===== Data excerpts =====

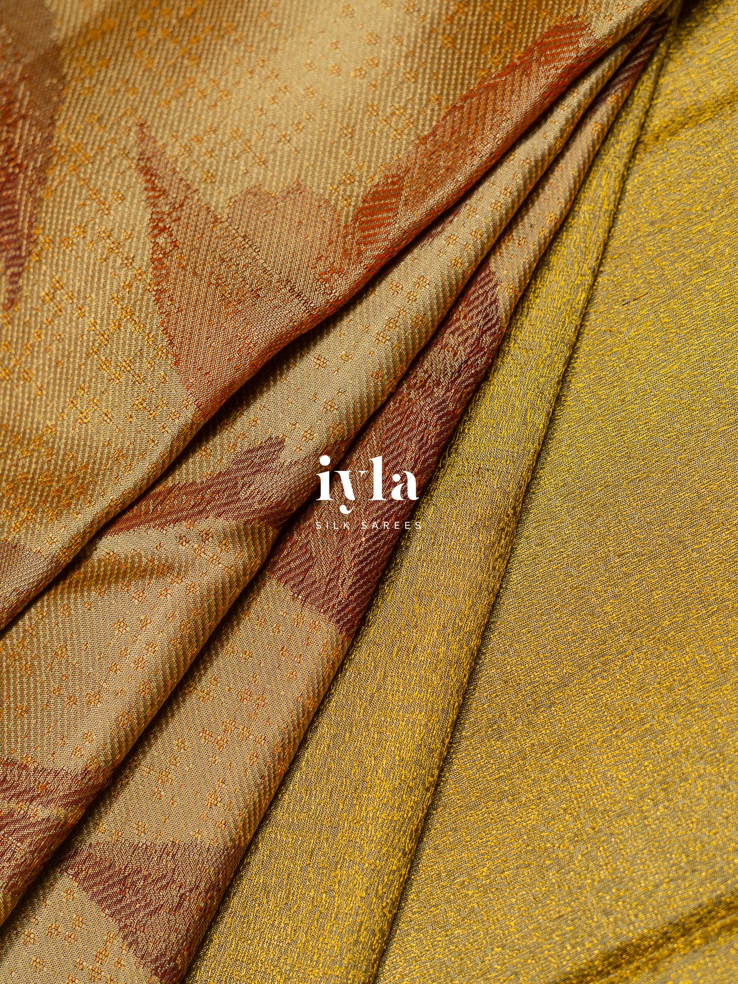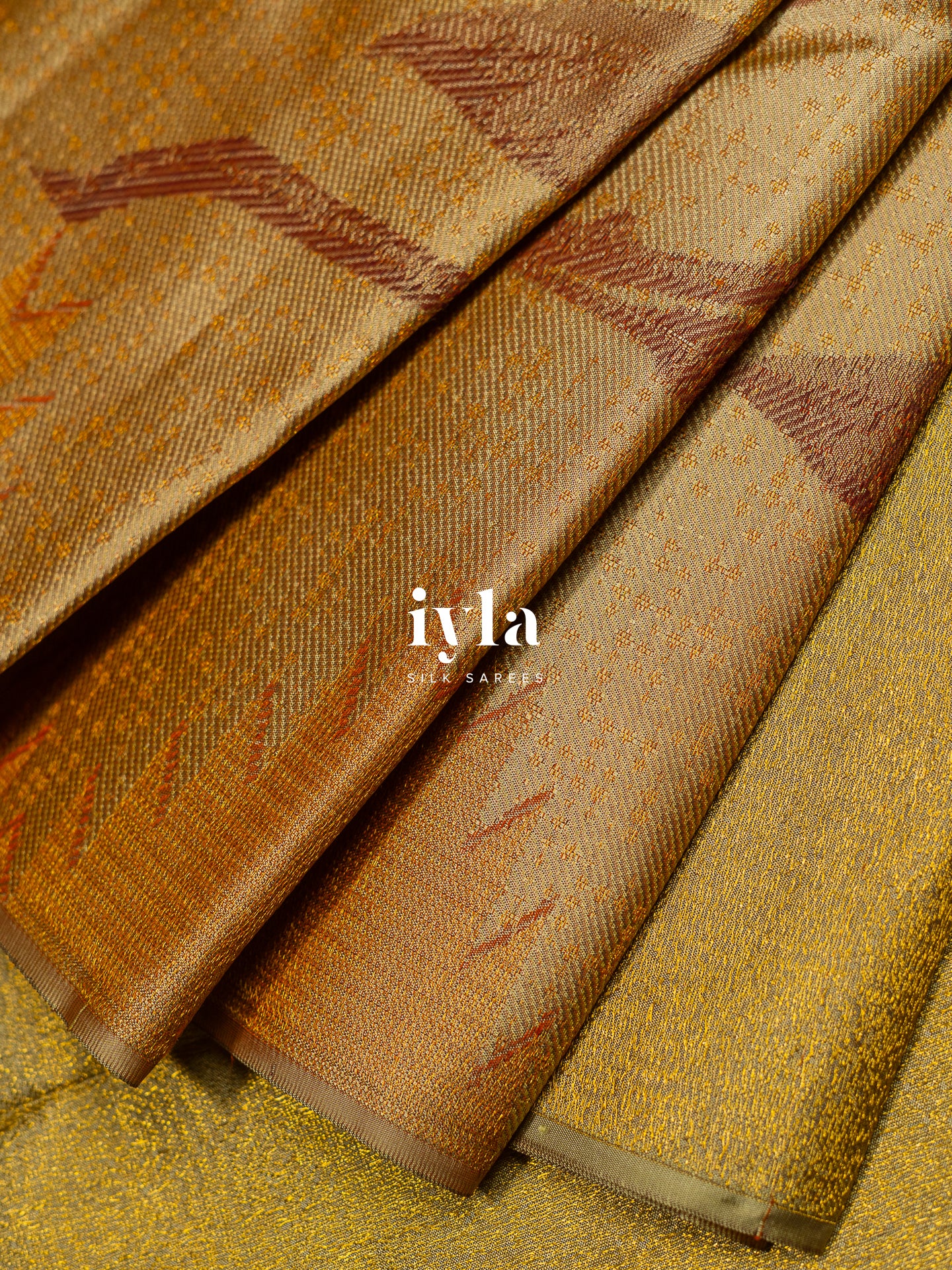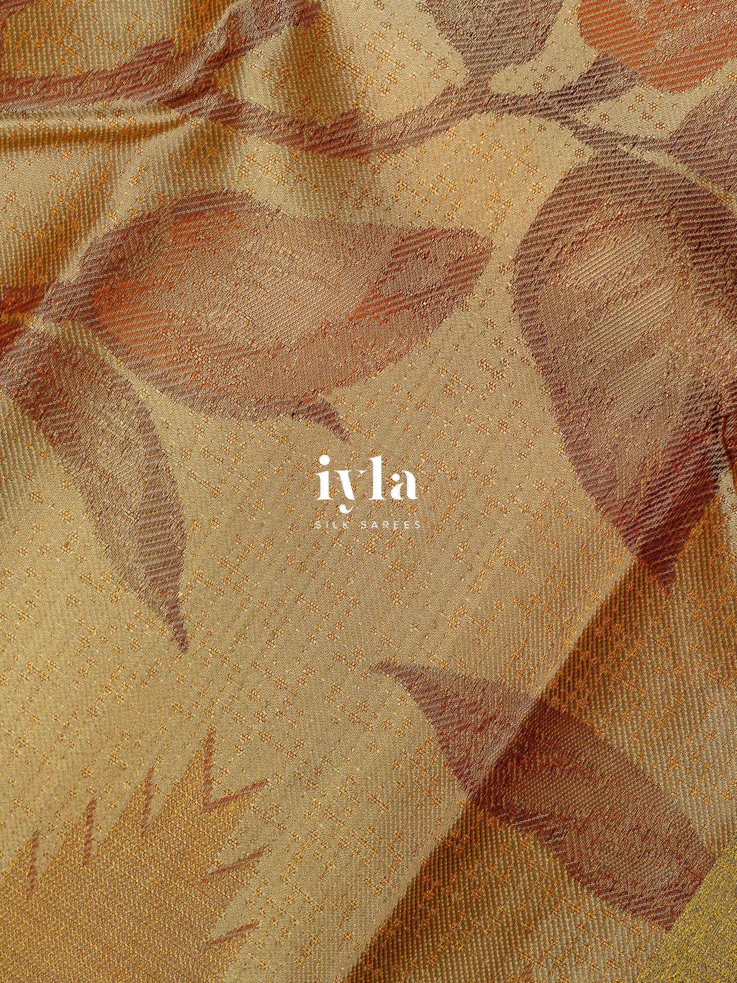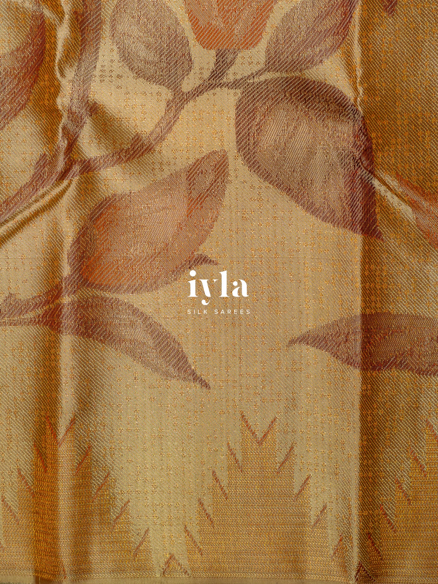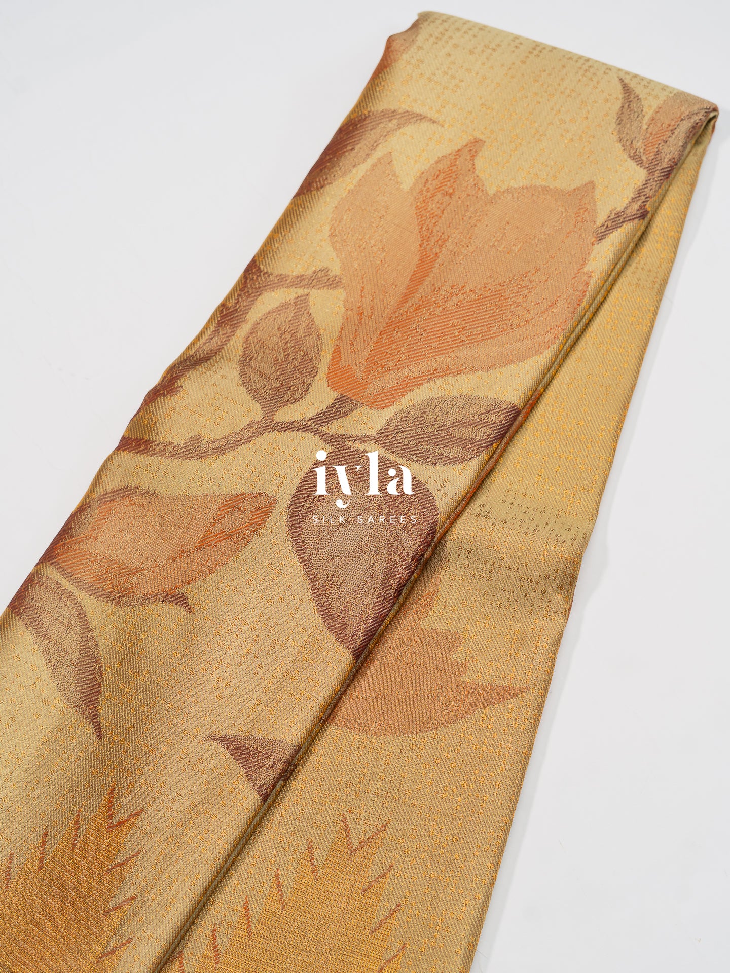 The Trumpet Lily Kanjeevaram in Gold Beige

=====
===== Data excerpts =====

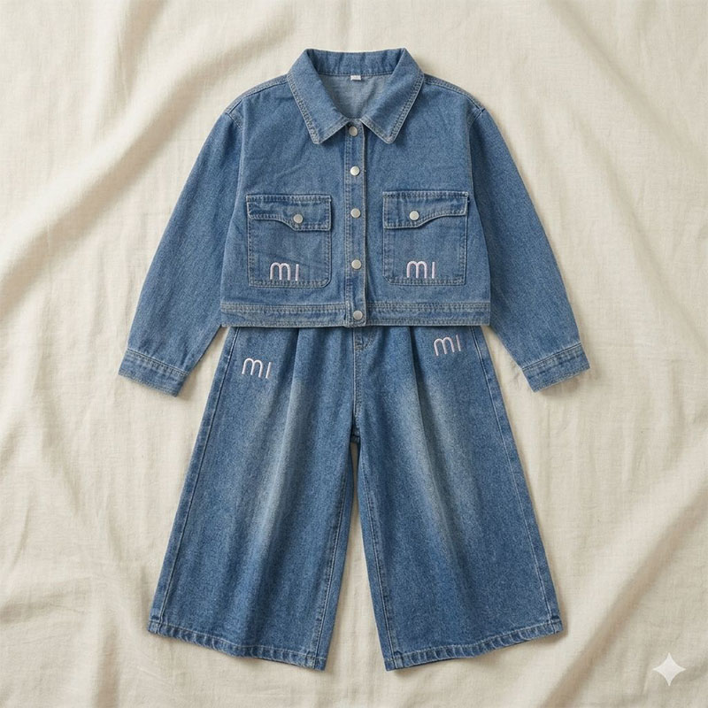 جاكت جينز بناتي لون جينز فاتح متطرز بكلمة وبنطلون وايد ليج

=====
===== Data excerpts =====

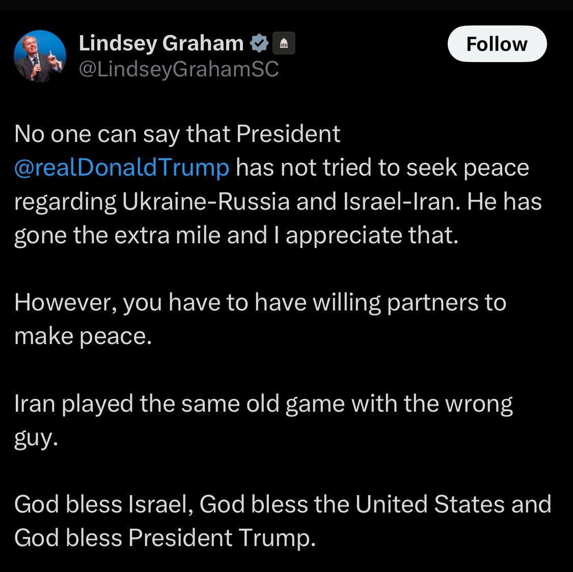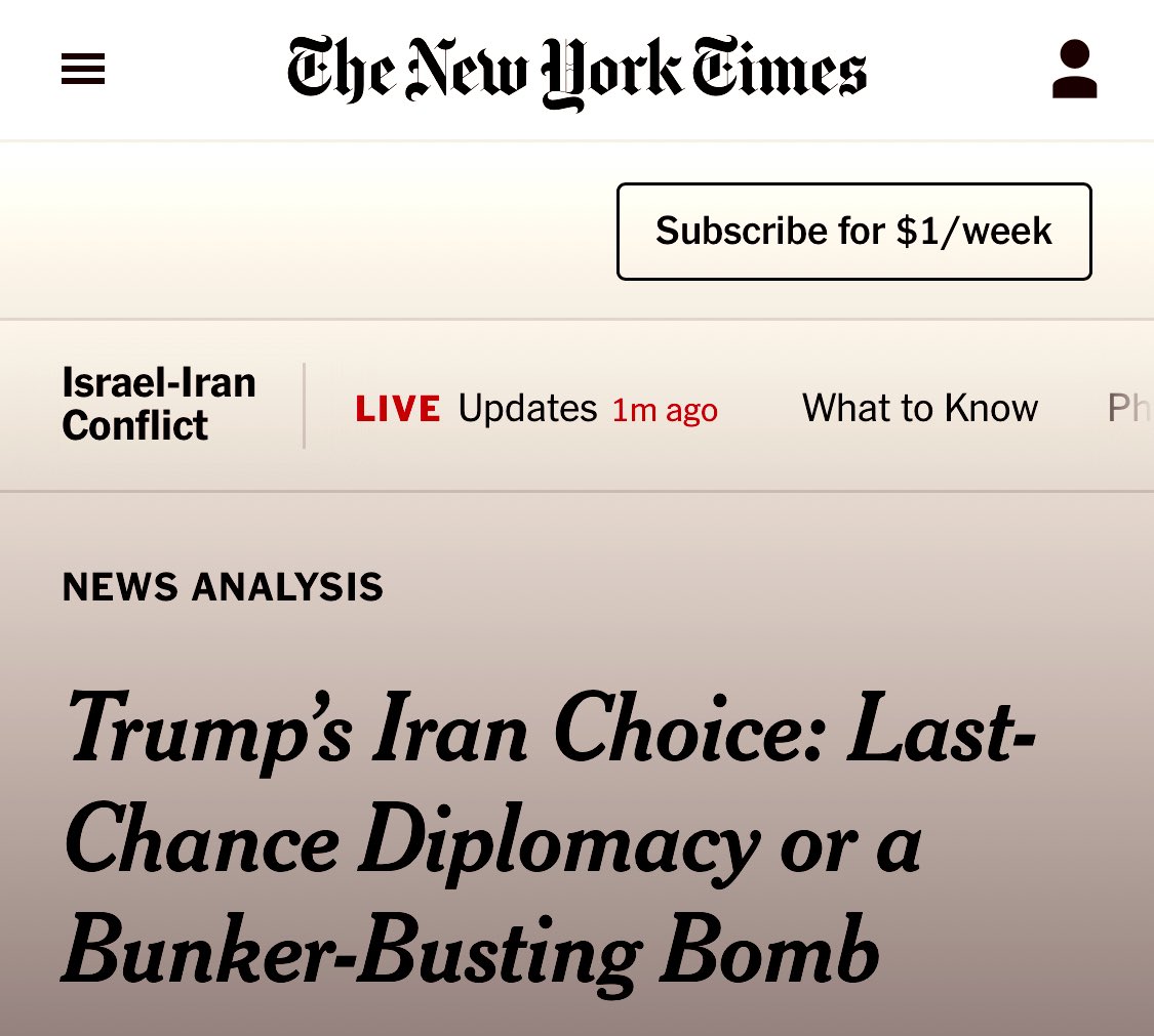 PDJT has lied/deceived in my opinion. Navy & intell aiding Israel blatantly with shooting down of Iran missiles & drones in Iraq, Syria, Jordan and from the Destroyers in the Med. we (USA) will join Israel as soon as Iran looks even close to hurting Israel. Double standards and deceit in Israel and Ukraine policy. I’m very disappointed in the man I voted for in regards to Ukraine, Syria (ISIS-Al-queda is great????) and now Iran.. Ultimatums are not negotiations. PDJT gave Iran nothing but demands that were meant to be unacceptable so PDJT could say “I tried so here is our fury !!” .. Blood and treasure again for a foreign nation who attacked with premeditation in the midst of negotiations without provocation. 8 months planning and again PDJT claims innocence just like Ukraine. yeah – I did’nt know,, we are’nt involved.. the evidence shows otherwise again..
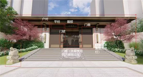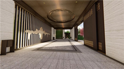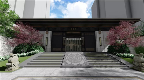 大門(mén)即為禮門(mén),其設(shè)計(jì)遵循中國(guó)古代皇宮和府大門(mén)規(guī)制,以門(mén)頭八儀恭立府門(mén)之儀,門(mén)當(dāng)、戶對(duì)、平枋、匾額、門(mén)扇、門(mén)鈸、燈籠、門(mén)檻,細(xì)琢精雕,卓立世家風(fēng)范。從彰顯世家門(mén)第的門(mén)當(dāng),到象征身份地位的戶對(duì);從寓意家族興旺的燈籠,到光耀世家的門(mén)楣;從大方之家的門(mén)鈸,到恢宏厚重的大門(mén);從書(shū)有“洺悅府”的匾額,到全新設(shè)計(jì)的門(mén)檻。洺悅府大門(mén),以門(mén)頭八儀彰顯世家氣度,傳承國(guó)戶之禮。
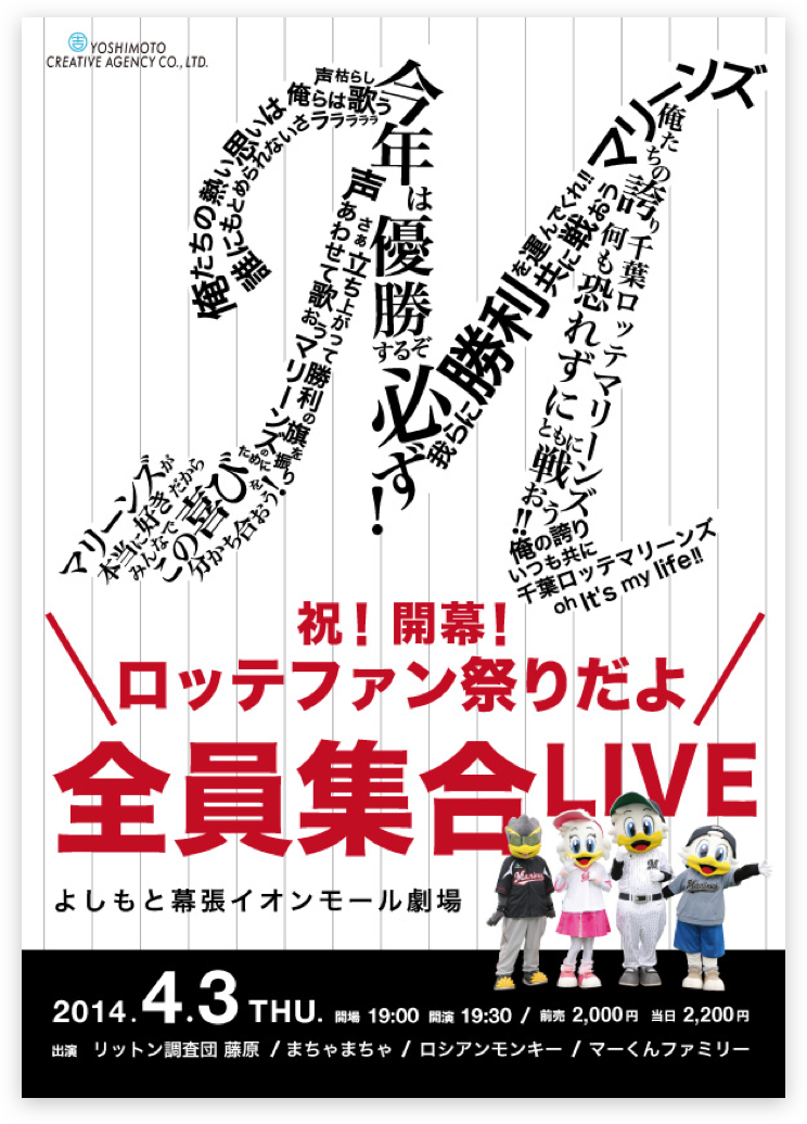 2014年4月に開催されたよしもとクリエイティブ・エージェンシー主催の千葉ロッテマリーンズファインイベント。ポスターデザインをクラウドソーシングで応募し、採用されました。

=====

[Activity]
Make an exact copy of the lines above, beginning with the line with "大門(mén)即為禮門(mé" and ending with the line with "2014年4月に開催されたよ", and keep the pictures out of it.

[Written reply]
 大門(mén)即為禮門(mén),其設(shè)計(jì)遵循中國(guó)古代皇宮和府大門(mén)規(guī)制,以門(mén)頭八儀恭立府門(mén)之儀,門(mén)當(dāng)、戶對(duì)、平枋、匾額、門(mén)扇、門(mén)鈸、燈籠、門(mén)檻,細(xì)琢精雕,卓立世家風(fēng)范。從彰顯世家門(mén)第的門(mén)當(dāng),到象征身份地位的戶對(duì);從寓意家族興旺的燈籠,到光耀世家的門(mén)楣;從大方之家的門(mén)鈸,到恢宏厚重的大門(mén);從書(shū)有“洺悅府”的匾額,到全新設(shè)計(jì)的門(mén)檻。洺悅府大門(mén),以門(mén)頭八儀彰顯世家氣度,傳承國(guó)戶之禮。
 2014年4月に開催されたよしもとクリエイティブ・エージェンシー主催の千葉ロッテマリーンズファインイベント。ポスターデザインをクラウドソーシングで応募し、採用されました。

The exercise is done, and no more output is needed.